Бражинский промолчал и протянул мне нож, который прятал под подушкой. Лезвие с одной стороны было с зубцами, с другой — острым, как бритва. Кончиком шила, извлеченного также из чрева постели, он коснулся моей груди — с левой стороны, там, где, по его предположению, находилось мое сердце.
Я развернул нож в руках. Бражинский проткнул шилом униформу, едва его кончик коснулся моей кожи, она сразу разошлась, кровь сначала выступала капля за каплей, затем вся рубашка спереди окрасилась в темный цвет. Боль волнами накатывала и омывала меня.
— Что вы медлите? Колите, комиссар.
— Нет.
— Ну сделайте же это. Иначе я проткну вас до самого сердца.
Не шевельнув туловищем, я положил нож назад, на кровать. Он надавил сильнее, я распрямил спину.
— Там ничего нет, полковник.
— Почему вы не защищаетесь?
— Там нет сердца. Оно с другой стороны.
— Нет!
— Да.
— Это невозможно. — Он вытащил кончик шила из моей груди. Кровь стекала струйкой вниз, но проткнут был только верхний слой кожи. — Этого не может быть, — прошептал он и приложил руку к моей груди справа, к ритмично стучащему сердцу. Громыхание взрывов снаружи приближалось.
— Может… это вы убили аппенцелльцев?
— Бог, — сказал он.
— Да. Мулунгу.
Бражинский схватил шило и с криком, прежде чем я смог помешать ему, одним-единственным страшным движением нанес себе два удара в левый и правый глаз. Глазная мембрана лопнула, и белое желе вытекло наружу. Он орал так громко, что меня отбросило на пол, назад и в сторону от края кровати. Кровь била из его глазниц в стену напротив.
— Я… не могу… вас больше… видеть, — хрипел он, пуская пузырьки крови. Затем, по-видимому, впал в коллапс, можно было подумать, он сам себя отключил, словно у машины вынули вилку из розетки; потеряв сознание, он сполз вниз, боком распластавшись недвижно на постели. Шило с капающей с острия кровью выпало из его руки и покатилось по полу. После продолжительной тишины, когда я слышал только мое собственное громкое дыхание, взвыла металлом двухголосая сирена, пробирающий до спинного мозга рев которой сопровождался глухими взрывами.

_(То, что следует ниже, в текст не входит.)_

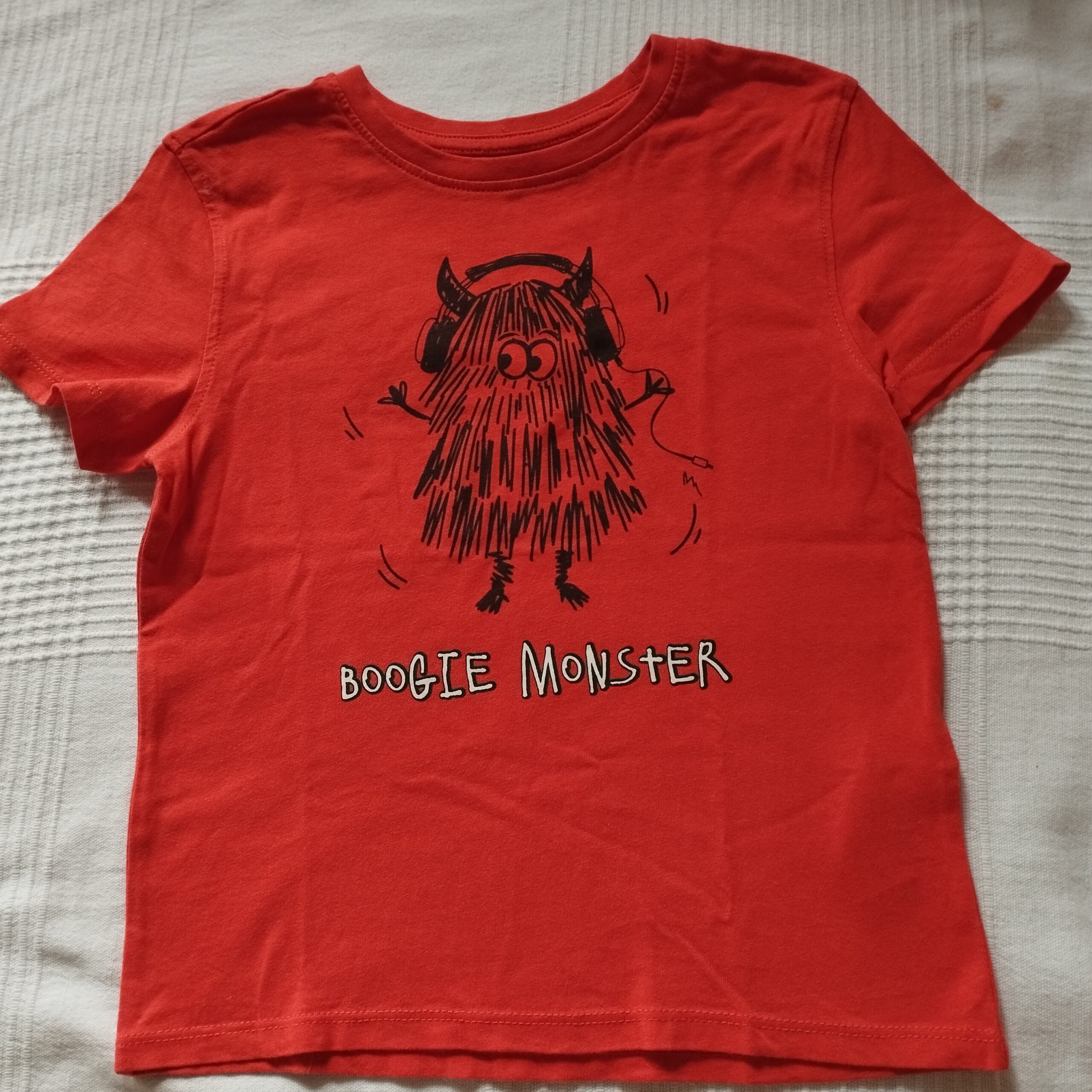 Majica, kratak rukav, za dečaka. Narandžaste boje, sa crnom aplikacijom. Veličina 100. Vrlo očuvana.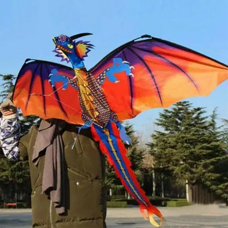 Outdoor colorful 3D dragon flying kite and 100m tailline children's toy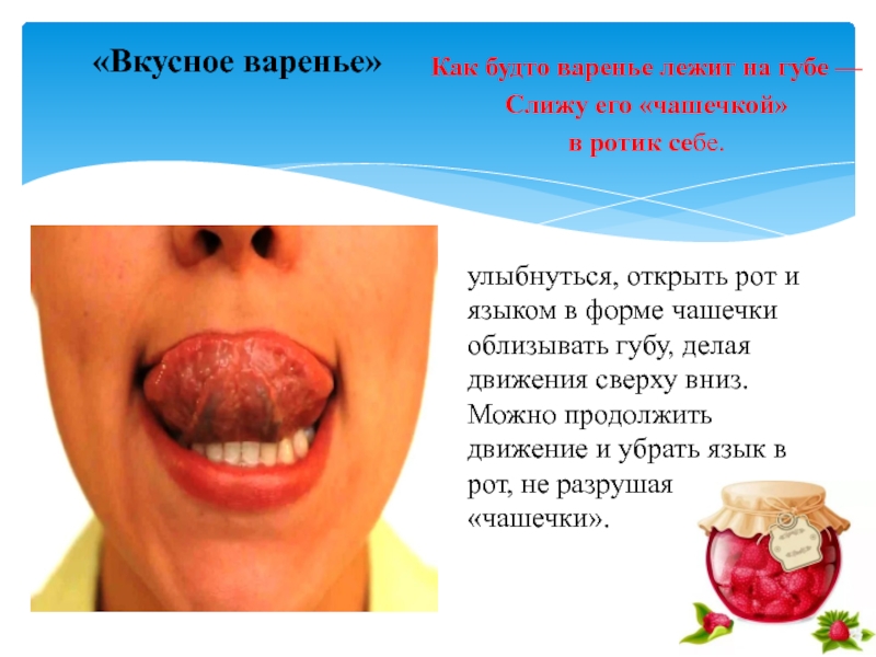 облизывать губу, делая движения сверху вниз. Можно продолжить движение и убрать язык в рот, не разрушая «чашечки».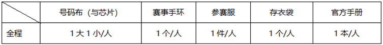 * 全程选手每人两块号码布,一块大号码布(含芯片)和一块小号码布(存衣用);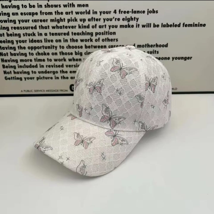 Add a whimsical touch to your everyday look with our Lace Butterfly Print Cap, the perfect blend of charm and comfort. This elegant cap features a delicate lace overlay adorned with beautifully illustrated butterfly designs and twinkling star accents, making it a unique fashion statement.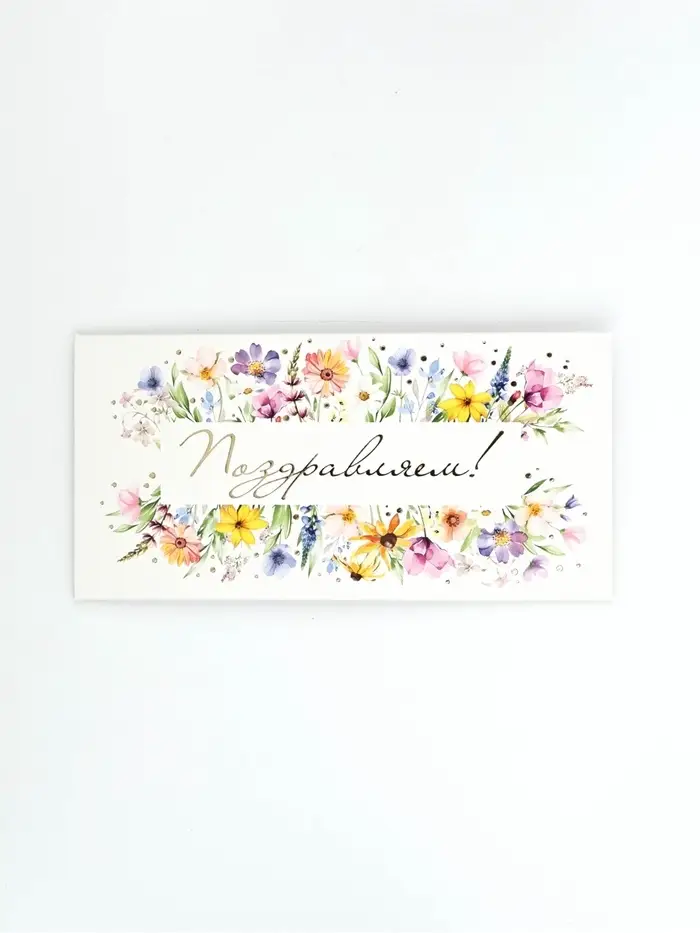 Конверт для денег "Поздравляем!", цветы, тиснение, 16,5 х 8 см

Я прижал медленно пропитывающуюся кровью подушку к груди, вышел из комнаты, взял с одного из стендов противогаз, шатаясь, прошел вниз по коридору, к выходу, и толкнул дверь. Выйдя на балкон, я увидел величественную картину с десятком немецких дирижаблей, заполнивших небо над моей головой. Когда в круглых стеклах противогаза за Альпами скрылось оранжево-красное, яростно пылающее солнце, и наши прожектора, как белые иглы, кололи вечернее небо, внезапно вновь началась чудовищная, адская бомбардировка.
XI
Я бежал из крепости через один из южных потайных выходов, обращенных к Тессину; там хоть и было начато строительство железного моста, но он так и не был достроен, постоянные бомбардировки сделали дальнейшие работы невозможными. На южном склоне Редута почти не было оборонительных сооружений, никто не ждал оттуда нападения пехоты, таким образом, через пару дней после воздушной атаки я смог незаметно покинуть горный массив неподалеку от недостроенного моста и уйти по направлению к долине.
Бомбардировки были невероятно безжалостными, немцам, до того как их дирижабли были уничтожены, удалось сбросить тяжелые бомбы, начиненные саморезами, которые ввинчивались в гранит, а затем, фосфоресцируя, взрывались. От этого погибли сотни солдат, на некоторых таких бомбах к тому же были закреплены канистры с бензоловой кислотой, ее высвобождавшийся газ вызывал у жителей фанги сильные галлюцинации. В залах и коридорах люди панически пытались спастись от распространявшегося повсюду запаха миндаля. Наличных противогазов явно не хватало, две женщины-солдата безуспешно пытались вырвать у меня из рук мой противогаз, и когда, наконец, после долгой тряски по вагонеточной дороге я добрался до выхода, со швейцарской основательностью и предусмотрительностью я повесил его в специальный ящичек.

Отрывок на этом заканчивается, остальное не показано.